The 2015 Paris Agreement marked a turning point in the campaign against climate change as world leaders pledged their support for adopting cleaner, more sustainable energy practices. With the 24th edition of the UN Climate Change Conference (COP24) underway in Katowice, Poland, it’s an excellent time to refine our mission and optimize our actions for success.
Research points to a opportunity
In their latest report the IPCC warned of major negative effects on humanity and the planet should global temperatures rise above the targeted 1.5℃ above pre-industrial levels. And, should temperatures rise to 2℃, it warns of even more dramatic consequences. The report concludes that achieving net-zero CO2 emissions globally by 2060 is of critical importance. While this may seem like a lofty target, a long time away, the window for decisive action is rapidly closing.
Essential to the success of any such efforts is economic feasibility. With energy and industrial sectors one of the biggest pollutants, a major focus is on helping heavy-industry and heavy-duty transport sectors achieve net-zero emissions without relying on offsets from the land-use sector. It’s my view that this possible in developed economies by 2050 and developing economies by 2060.
Refining our mission for (optimal) success
As a Commissioner of the Energy Transitions Commission (ETC), I’m privileged to be part of a diverse group of energy leaders and companies who are accelerating the change towards low-carbon energy systems while enabling robust economic development. Over the last year, the ETC has devoted itself to defining a path to net-zero emissions from harder-to-abate sectors. The result is the Mission Possible Report. Its findings show that not only is such a change possible, but affordable and potentially profitable. Current estimates suggest that by mid-century the cost to the economy will be less than 0.5% of the global GDP, with a negligible impact on consumer living standards.

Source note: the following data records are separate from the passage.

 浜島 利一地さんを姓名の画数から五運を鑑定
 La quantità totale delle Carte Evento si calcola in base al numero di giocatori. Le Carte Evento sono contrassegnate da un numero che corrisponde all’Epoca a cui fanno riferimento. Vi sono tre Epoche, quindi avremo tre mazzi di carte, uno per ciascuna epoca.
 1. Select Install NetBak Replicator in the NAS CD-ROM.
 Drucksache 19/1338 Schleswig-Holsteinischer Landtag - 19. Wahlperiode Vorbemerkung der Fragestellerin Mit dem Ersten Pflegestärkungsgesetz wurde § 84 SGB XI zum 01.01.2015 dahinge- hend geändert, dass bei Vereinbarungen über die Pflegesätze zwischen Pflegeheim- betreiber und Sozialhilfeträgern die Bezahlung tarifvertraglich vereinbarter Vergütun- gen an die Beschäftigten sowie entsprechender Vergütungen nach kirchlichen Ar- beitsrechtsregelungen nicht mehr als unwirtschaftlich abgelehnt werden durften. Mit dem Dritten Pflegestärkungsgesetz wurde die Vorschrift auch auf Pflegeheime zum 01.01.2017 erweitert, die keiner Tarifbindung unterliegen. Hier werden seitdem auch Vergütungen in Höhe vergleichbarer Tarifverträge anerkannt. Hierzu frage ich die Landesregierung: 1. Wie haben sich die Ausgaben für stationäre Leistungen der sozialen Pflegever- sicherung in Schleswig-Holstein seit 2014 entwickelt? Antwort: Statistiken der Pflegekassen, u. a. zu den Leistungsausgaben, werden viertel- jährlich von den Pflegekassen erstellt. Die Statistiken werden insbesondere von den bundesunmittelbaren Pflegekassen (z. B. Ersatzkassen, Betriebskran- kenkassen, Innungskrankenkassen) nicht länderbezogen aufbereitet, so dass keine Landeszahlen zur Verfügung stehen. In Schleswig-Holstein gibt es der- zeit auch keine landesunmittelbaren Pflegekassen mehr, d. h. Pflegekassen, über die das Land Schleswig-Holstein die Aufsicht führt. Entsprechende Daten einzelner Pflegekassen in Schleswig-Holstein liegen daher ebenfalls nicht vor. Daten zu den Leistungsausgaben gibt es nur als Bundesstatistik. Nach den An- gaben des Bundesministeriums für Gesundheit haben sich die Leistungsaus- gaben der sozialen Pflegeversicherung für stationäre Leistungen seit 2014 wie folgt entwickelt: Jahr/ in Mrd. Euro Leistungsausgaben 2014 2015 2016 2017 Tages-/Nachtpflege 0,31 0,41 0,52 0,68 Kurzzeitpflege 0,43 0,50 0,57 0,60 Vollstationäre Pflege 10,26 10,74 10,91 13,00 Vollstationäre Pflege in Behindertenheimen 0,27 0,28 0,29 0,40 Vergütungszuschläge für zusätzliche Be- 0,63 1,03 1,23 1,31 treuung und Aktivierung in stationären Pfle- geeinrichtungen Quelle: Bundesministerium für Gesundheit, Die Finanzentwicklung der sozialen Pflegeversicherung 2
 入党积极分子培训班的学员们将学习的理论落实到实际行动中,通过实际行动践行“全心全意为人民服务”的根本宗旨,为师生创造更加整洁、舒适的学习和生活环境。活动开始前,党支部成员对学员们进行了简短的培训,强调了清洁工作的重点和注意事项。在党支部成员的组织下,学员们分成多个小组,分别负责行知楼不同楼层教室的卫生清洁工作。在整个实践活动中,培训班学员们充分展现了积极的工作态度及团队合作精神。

With the release of the Mission Possible Report, we’ve shown that this transition (reaching net-zero carbon emissions from harder-to-abate industries by mid-century) can be accomplished through ambitious policy, accelerated innovation and investment with minimal cost to the global economy. It builds on the 2017 report, Better Energy, Greater Prosperity, and delves deeper into sectors considered today as “difficult to decarbonize” through energy efficiency and electrification alone. As the world gets more electrified, and electricity more decarbonized, the importance of these sectors grow to reach full decarbonization of the global economy by 2060.
The march to net-zero emissions
First, it explores every route of energy and feedstock supply decarbonization. It includes a thorough analysis of electrification, as well as alternatives such as hydrogen bio-energy and CCS/U. It also provides a quantified analysis of the main advantages and limitations within each sector, as well as a review on the cost competitiveness.

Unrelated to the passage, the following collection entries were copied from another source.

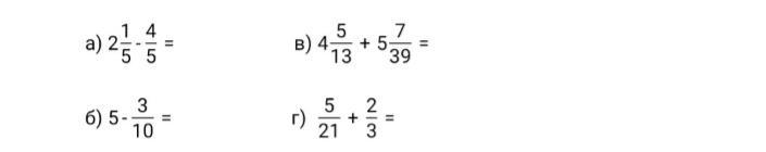в) 4 5/13+ 5 7/39= (4+5)+ ( 5/13 + 7/39)= 9+22/39= 9 22/39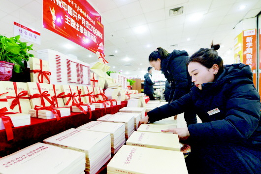 3月6日,在六安城区新华书店“奋斗百年路 启航新征程”庆祝中国共产党成立100周年主题出版物展示区,工作人员在整理新收到的党史党建书籍。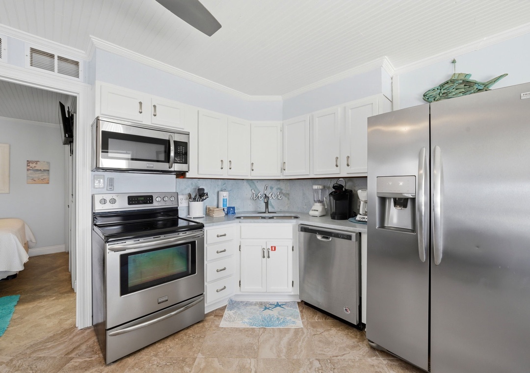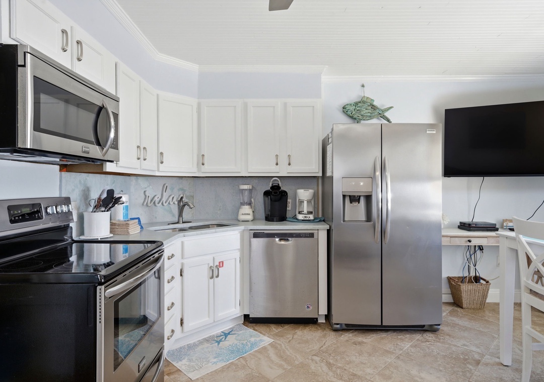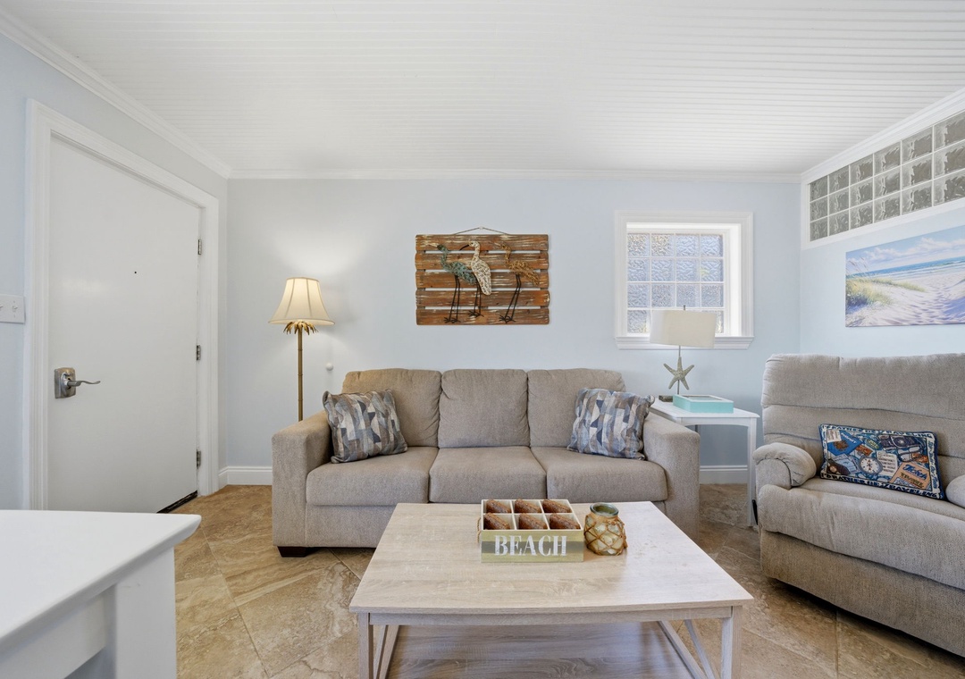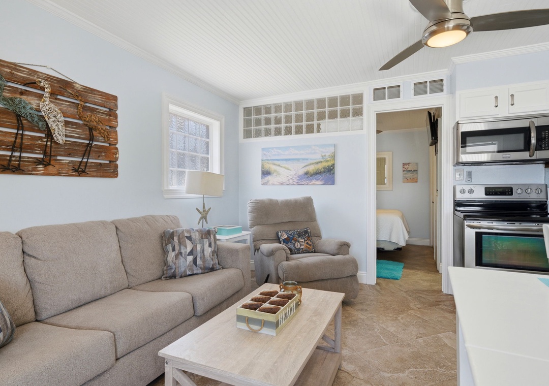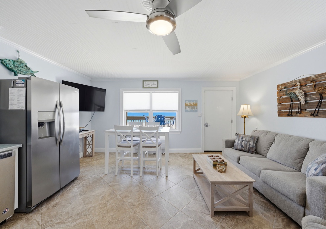 The thoughtfully designed layout includes a private bedroom with a queen bed, while the living room features a queen sofa sleeper, comfortably accommodating additional guests. The kitchen is equipped with updated appliances, perfect for preparing beach-day snacks or casual meals.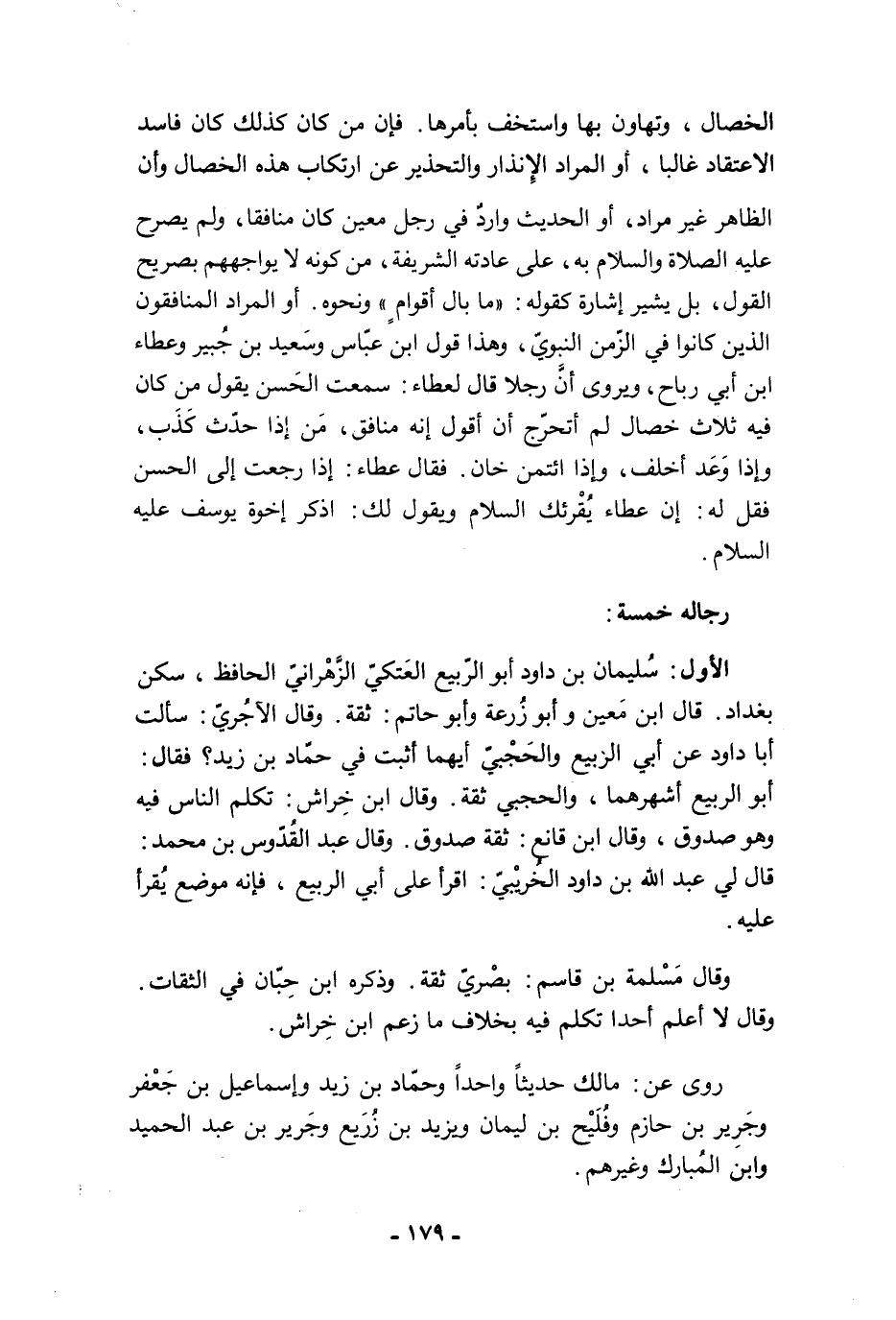 الأول: سُليمان بن داود أبو الرّبيع العَتكيّ الزَّهْرانيّ الحافظ، سكن بغداد. قال ابن مَعين وأبو زُرعة وأبو حاتم: ثقة. وقال الآجُريّ: سألت أبا داود عن أبي الربيع والحَجْبيّ أيهما أثبت في حماد بن زيد؟ فقال: أبو الربيع أشهرهما، والحجبي ثقة. وقال ابن خِراش: تكلم الناس فيه وهو صدوق، وقال ابن قانع: ثقة صدوق. وقال عبد القُدّوس بن محمَّد: قال لي عبد الله بن داود الخُريْبيّ: اقرأ على أبي الربيع، فإنه موضع يُقرأ عليه.

This leads into a definitive exploration on how to manage the transition to net-zero emissions for these heavy industries. Unlike most conventional reports it also examines how to optimize demand in order to mitigate the impact of “hard-to-abate” sectors within the carbon budget. While energy efficiency remains a key contributor, new economic models such as transportation modal shifts and circularity will have a big role to play in these sectors. In the coming years, we’re also bound to witness many breakthroughs with battery technology, electro- and biochemistry, new materials and efficient service design all holding huge potential to significantly alter the landscape of opportunities.
The final piece of the puzzle then, is us. The policymakers, investors, businesses and consumers responsible for accelerating this change. Thus, the closing section of the report looks at recommendations for policy adoption, specifically climate-driven migration, energy efficiency, demand management and power decarbonization. It also outlines the role of the private sector in the transition.
A final thought
At Schneider Electric, we develop efficiency-technologies to serve this transition from the demand-side. We’re delighted in the breadth of quantified analysis across a very complicated set of sectors that are pivotal in the push to zero-emissions. I hope that this report reignites the global debate and inspires and informs our leaders as they approach one of the most significant decisions of our time.
In the wake of the IPCC’s urgent call for action, the Mission Possible Report sends a clear signal to all: Full decarbonization is possible, and ambitious climate objectives are achievable.